== The data

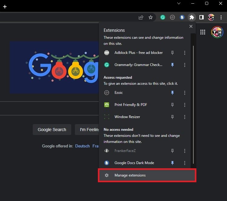 Wählen Sie in Chrome das Symbol der Erweiterung aus und klicken Sie aufErweiterungen verwalten. Deaktivieren Sie alle derzeit aktivierten Erweiterungen und versuchen Sie erneut, dem Roblox-Server beizutreten. Anschließend können Sie Ihre Erweiterungen erneut aktivieren, um herauszufinden, welche Erweiterung den Fehler verursacht.
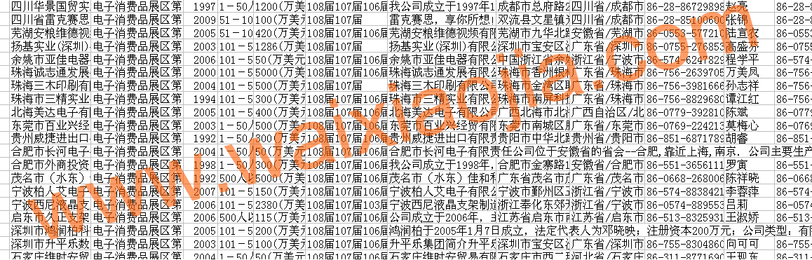 108屆廣交會(huì)參展商黃頁(yè)數(shù)據(jù)為Excel格式,信息可任意修改、復(fù)制、打印、導(dǎo)出及導(dǎo)入到傳真、郵件群發(fā)等軟件中,無(wú)任何限制。
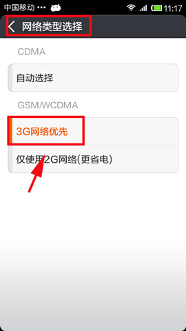 還有一種方法是打開手機的“設置”,然後點擊“移動網絡”,再點擊“網絡類型選擇”,選擇“3G網絡優先”,那麼你的安卓手機開啟3G信號就成功了。
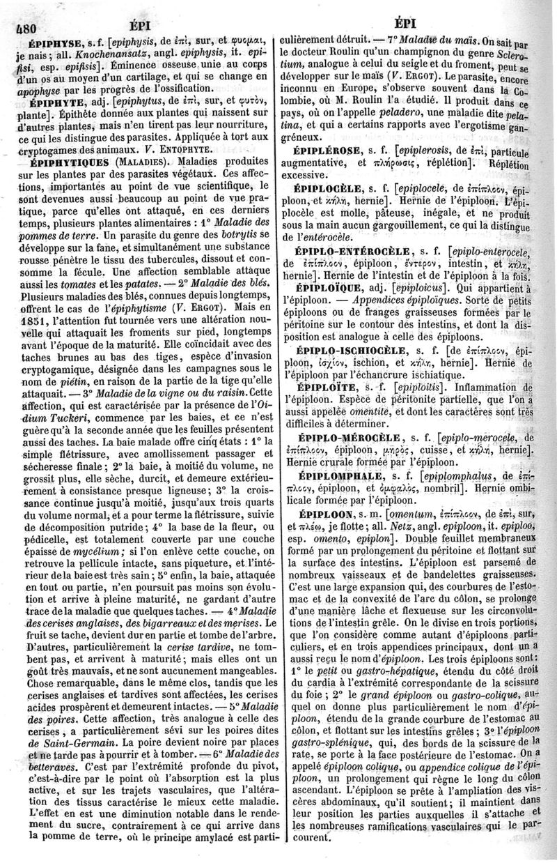 Dictionnaire de médecine, de chirurgie, de pharmacie, des sciences accessoires et de l'art vétérinaire de P.-H. Nysten, 10e édition, entièrement refondue par É. Littré,... Ch. Robin,... Ouvrage augmenté de la Synonymie latine, grecque, allemande, anglaise, italienne et espagnole et suivi d'un glossaire de ces diverses langues
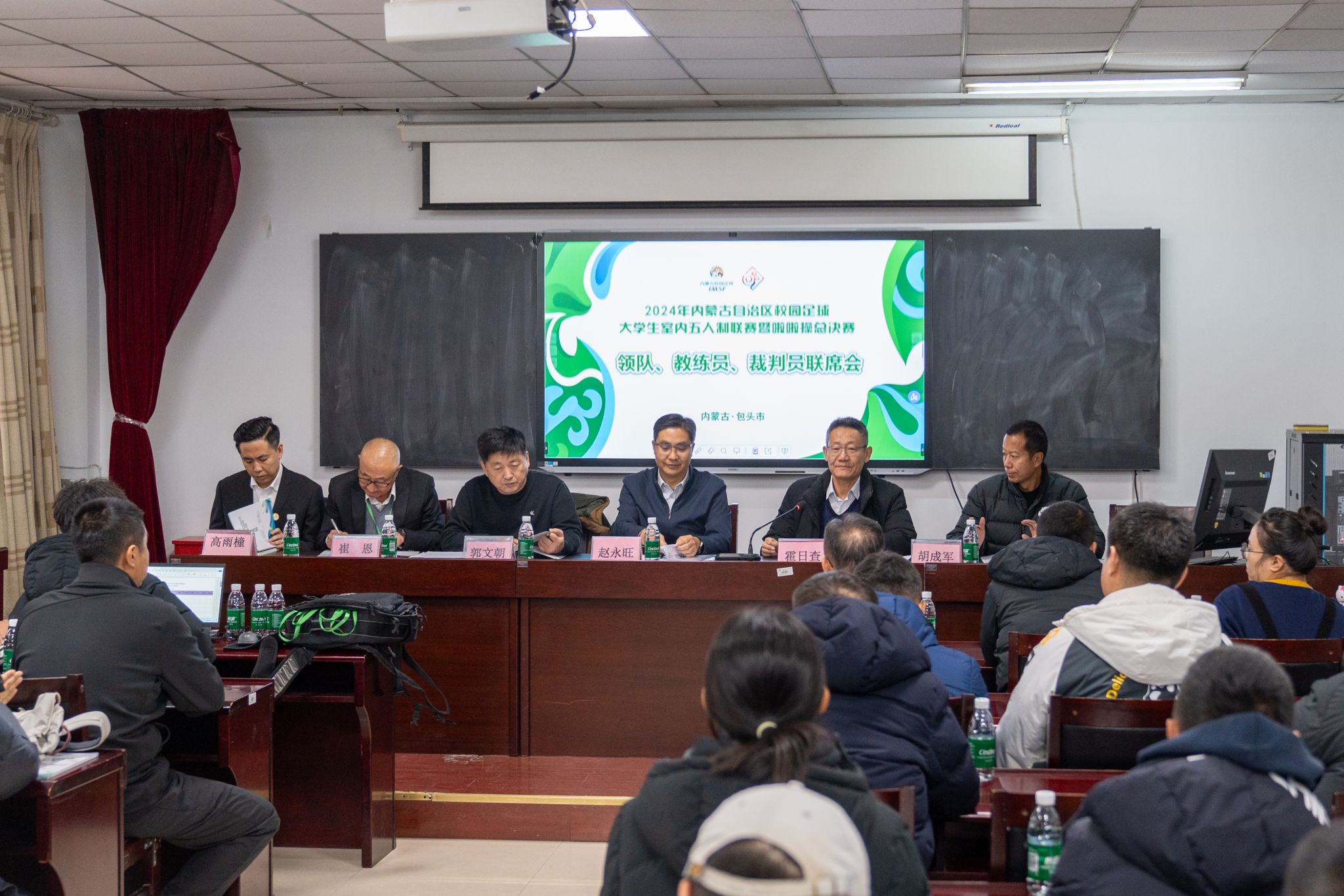 2024年11月25日,2024年内蒙古自治区校园足球大学生室内五人制联赛暨啦啦操总决赛赛前联席会在伟德国际1946官方网体育馆召开。伟德国际1946官方网党委委员、副校长赵永旺,自治区教育厅体育卫生与劳动教育处副处长郭文朝,内蒙古学生体育协会会长霍日查,内蒙古学生体育协会副会长赵生宝,室内五人制足球比赛监督崔恩,室内五人制足球比赛裁判长胡成军,啦啦操比赛裁判长高雨橦,各参赛队伍领队、教练员参会,会议由霍日查主持。

====

**What is required**
Could you retype every record above exactly, leaving the pictures out?

**Response to the exercise**
 Wählen Sie in Chrome das Symbol der Erweiterung aus und klicken Sie aufErweiterungen verwalten. Deaktivieren Sie alle derzeit aktivierten Erweiterungen und versuchen Sie erneut, dem Roblox-Server beizutreten. Anschließend können Sie Ihre Erweiterungen erneut aktivieren, um herauszufinden, welche Erweiterung den Fehler verursacht.
 108屆廣交會(huì)參展商黃頁(yè)數(shù)據(jù)為Excel格式,信息可任意修改、復(fù)制、打印、導(dǎo)出及導(dǎo)入到傳真、郵件群發(fā)等軟件中,無(wú)任何限制。
 還有一種方法是打開手機的“設置”,然後點擊“移動網絡”,再點擊“網絡類型選擇”,選擇“3G網絡優先”,那麼你的安卓手機開啟3G信號就成功了。
 Dictionnaire de médecine, de chirurgie, de pharmacie, des sciences accessoires et de l'art vétérinaire de P.-H. Nysten, 10e édition, entièrement refondue par É. Littré,... Ch. Robin,... Ouvrage augmenté de la Synonymie latine, grecque, allemande, anglaise, italienne et espagnole et suivi d'un glossaire de ces diverses langues
 2024年11月25日,2024年内蒙古自治区校园足球大学生室内五人制联赛暨啦啦操总决赛赛前联席会在伟德国际1946官方网体育馆召开。伟德国际1946官方网党委委员、副校长赵永旺,自治区教育厅体育卫生与劳动教育处副处长郭文朝,内蒙古学生体育协会会长霍日查,内蒙古学生体育协会副会长赵生宝,室内五人制足球比赛监督崔恩,室内五人制足球比赛裁判长胡成军,啦啦操比赛裁判长高雨橦,各参赛队伍领队、教练员参会,会议由霍日查主持。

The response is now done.